The primary exposure was the use of bedaquiline and/or delamanid. Exposure to these drugs was classified at baseline (i.e., the earliest start date of bedaquiline and/or delamanid initiation with endTB) as well as throughout the full regimen.
Standard variable definitions were used across all sites. Baseline variables included demographic characteristics; co-morbidities such as diabetes, cardiovascular disease, cancer, renal dysfunction, psychiatric illness, HIV, hepatitis B and C; TB risk factors, prior TB treatment and severity of TB disease; and physician-cited WHO indication that included 2 main categories for use of bedaquiline and/or delamanid: (i) patients for whom the construction of a regimen with four likely effective second-line drugs is not possible and/or (ii) patients who have high risk of unfavorable outcome [7, 8]. Repeated measures, that is those collected at both baseline and follow-up, included companion anti-TB drugs (dose, duration, changes) received during study participation; key concomitant medications; clinical (haematology, biochemistry, viral load for HIV-infected, HbA1c for diabetics) and microbiological/molecular (smear, culture, phenotypic and/or genotypic DST) laboratory testing; chest x-rays; audiometry, visual screening, and ECGs; physical exam results (including peripheral neuropathy screening). Additional details are available in the Technical Basis of the endTB Observational Study (www.endtb.org) and in the standardized forms (Additional file 2).

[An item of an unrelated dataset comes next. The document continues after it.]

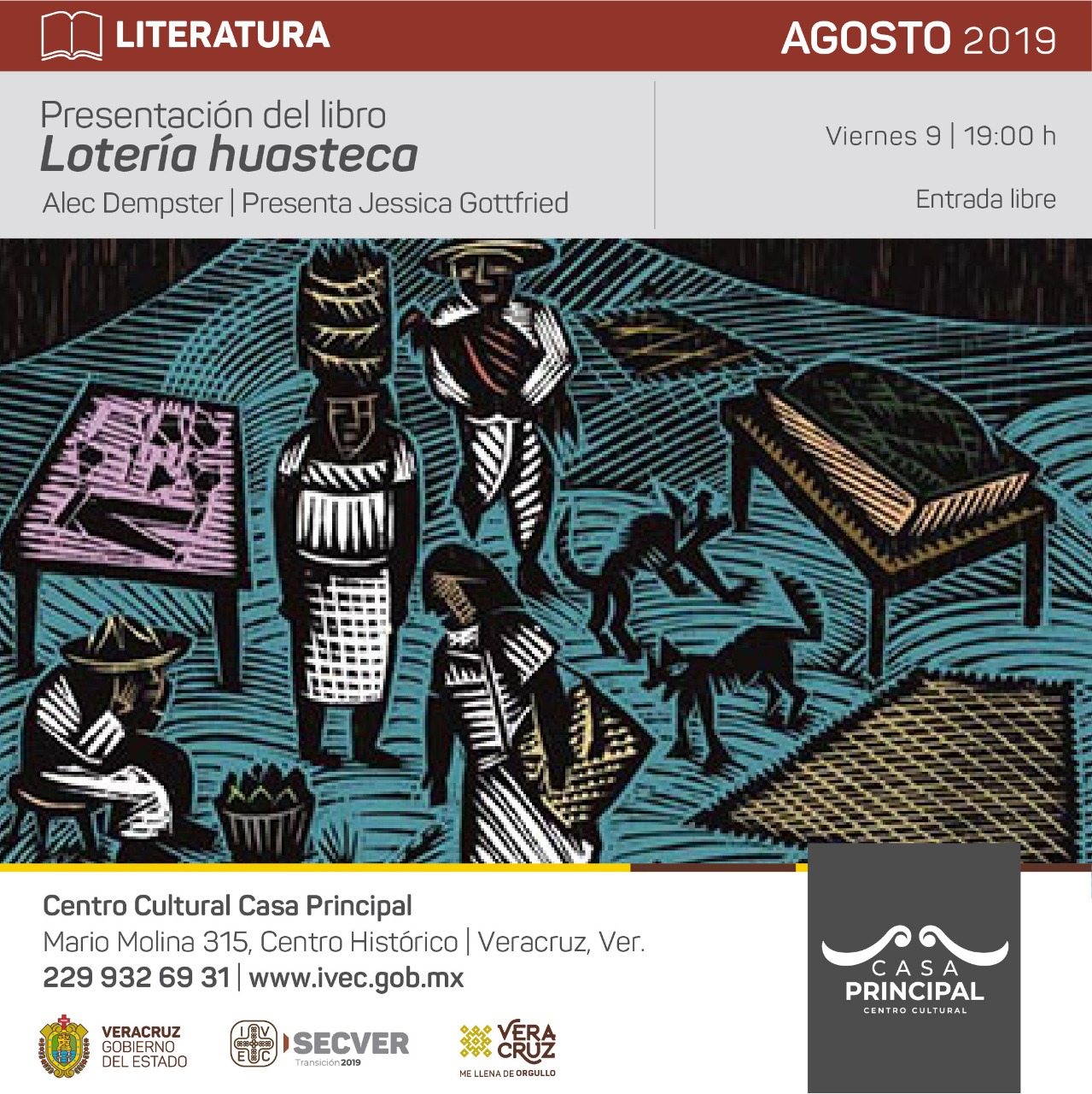 Tallados hechos en madera componen este nutrido cosmos lingüístico y culturalXalapa, VeracruzEn CoatzaEl Instituto Veracruzano de la Cultura (IVEC) informa que será presentado el libro _Lotería huasteca_, travesía gráfica de 54 grabados y textos de Alec Dempster, este viernes 09 de agosto a las 19:00 horas en el Centro Cultural Casa Principal. La entrada es libre.Alec Dempster, multifacético con sus actividades, es músico, artista gráfico y viajero, y pronto incursionará en la diversidad cultural de otras formas del arte; es autor también de los libros _Lotería jarocha_ y _La jarana de Mario_._Lotería huasteca_ integra una serie de grabados ingeniosos sobre diversos temas enmarcados en el entorno natural y cultural actual de este grupo, tanto de los pueblos indígenas como de los mestizos que la habitan. Son representaciones gráficas de una selección variada de animales, platillos típicos, utensilios y herramientas, espacios y giros laborales, artesanías, religión y música.Así, La acamaya, El amate, El bocol, El caimán, La casa, El cerro, El chichapal, El chiquihuite, El cotorro, La curandera, La danza, El trovador, La siembra, El huapango, El mapache, La jarana, entre otros, son los tallados hechos en madera que componen este nutrido cosmos lingüístico y cultural.El artista estará acompañado de la investigadora Jessica Gottfried Hesketh, responsable del Archivo Histórico del Centro Nacional de Investigación, Documentación e Información Musical Carlos Chávez (CENIDIM).

Efficacy: (i) End of treatment outcomes : cured and treatment completed (favorable outcomes); (ii) treatment failed, lost to follow-up, died (unfavorable outcomes).

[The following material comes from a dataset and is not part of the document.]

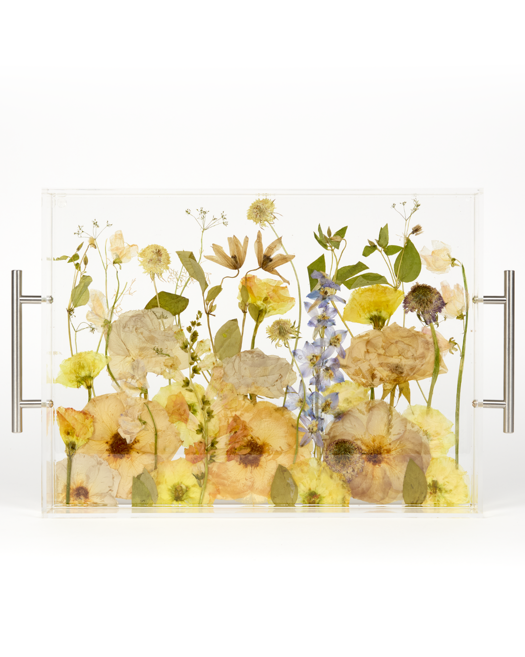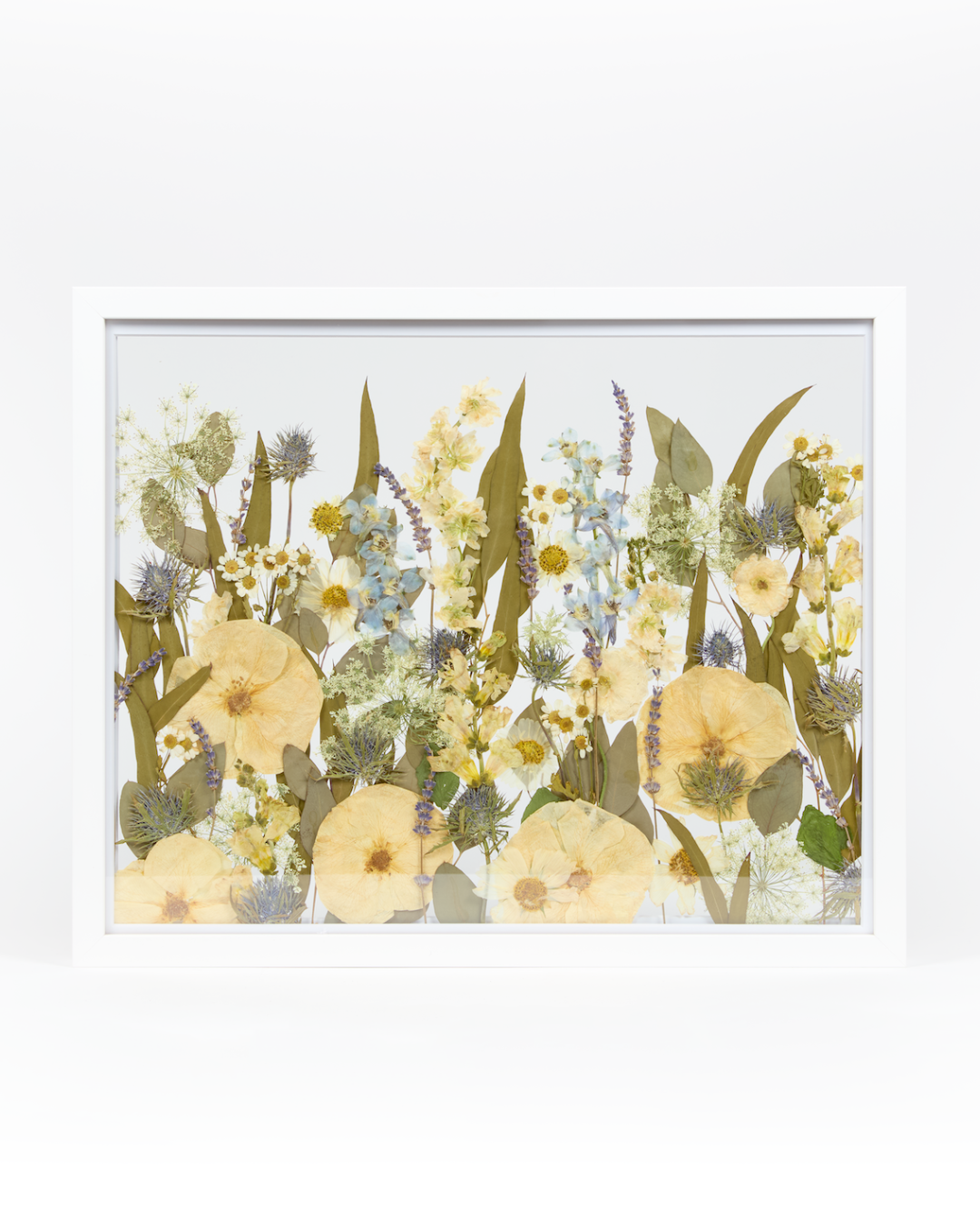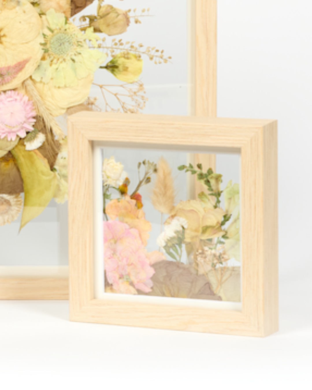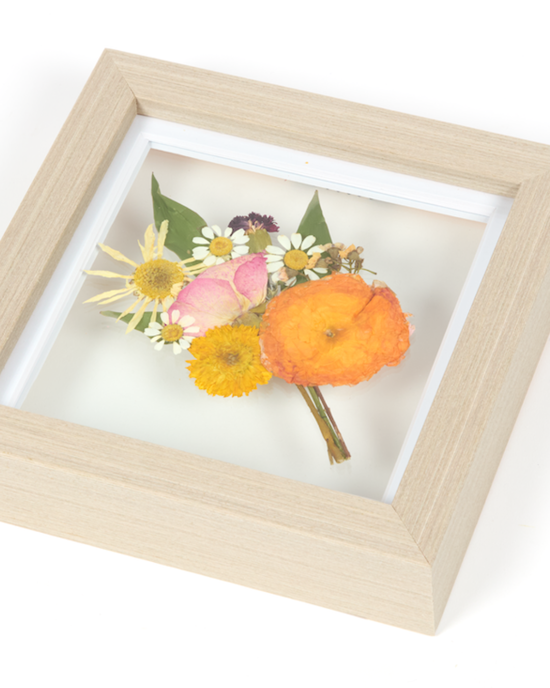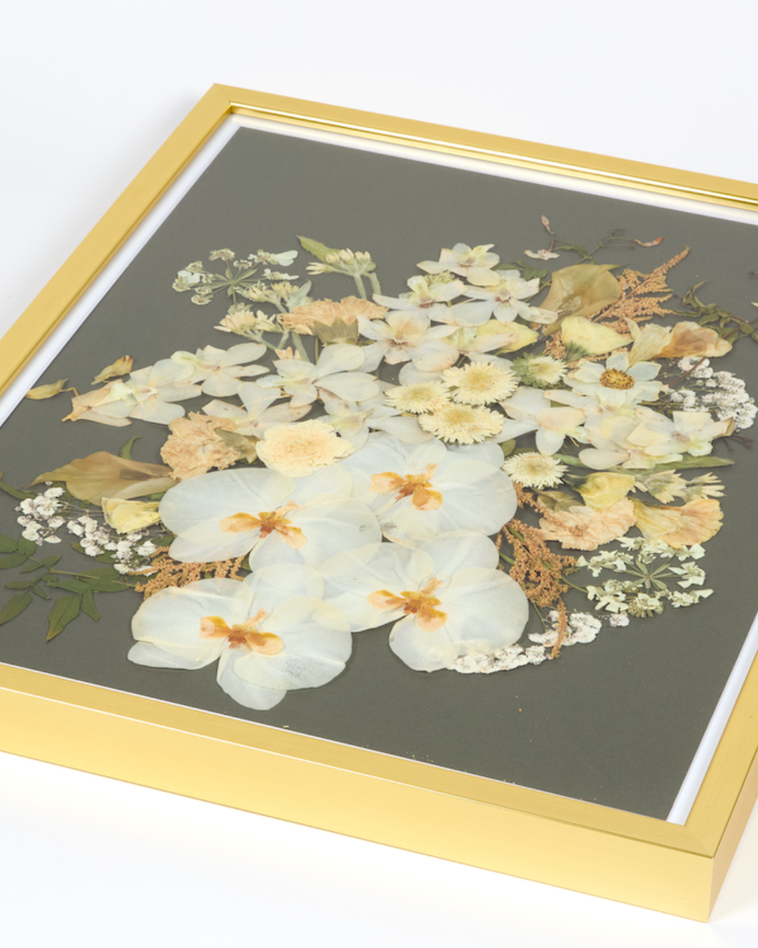 Taking an organic medium from a hydrated 3-dimensional shape to a dry 1-dimensional layer will result in change. From shape, to texture, and color- each bouquet presses differently. Some of the biggest changes you will notice are in the colors of the blooms themselves.

Safety: (i) Incidence and outcome of clinically relevant AEs. Clinically relevant AEs are: SAEs and pre-defined adverse events of special interest (QT prolongation, peripheral neuropathy, optic neuritis, myelosuppression, hearing loss, acute renal failure, hypokalemia, hypomagnesemia, hepatotoxicity, and hypothyroidism) occurring at a severity that, according to endTB clinical guidance, leads to a change in TB regimen or to supplementation (e.g., magnesium); (ii) frequency of, time to and severity grade of clinically relevant AEs.
Efficacy: (i) frequency of and time to relapse; (ii) frequency of conversion during 6 months after initiation of treatment with bedaquiline or delamanid; (iii) frequency of and time to culture reversion after initial conversion; (iv) frequency of recurrence-free survival (confirmed absence of radiological, clinical or bacteriological signs of TB at the 6-month post treatment follow-up visit). Qualitative and operational aspects of endTB project implementation will also be assessed at some sites including health structure re-organisation and extra human resources required, monitoring schedule differences between sites, treatment delivery strategies and patient support (e.g. counseling, food, incentives, transport reimbursement) provided.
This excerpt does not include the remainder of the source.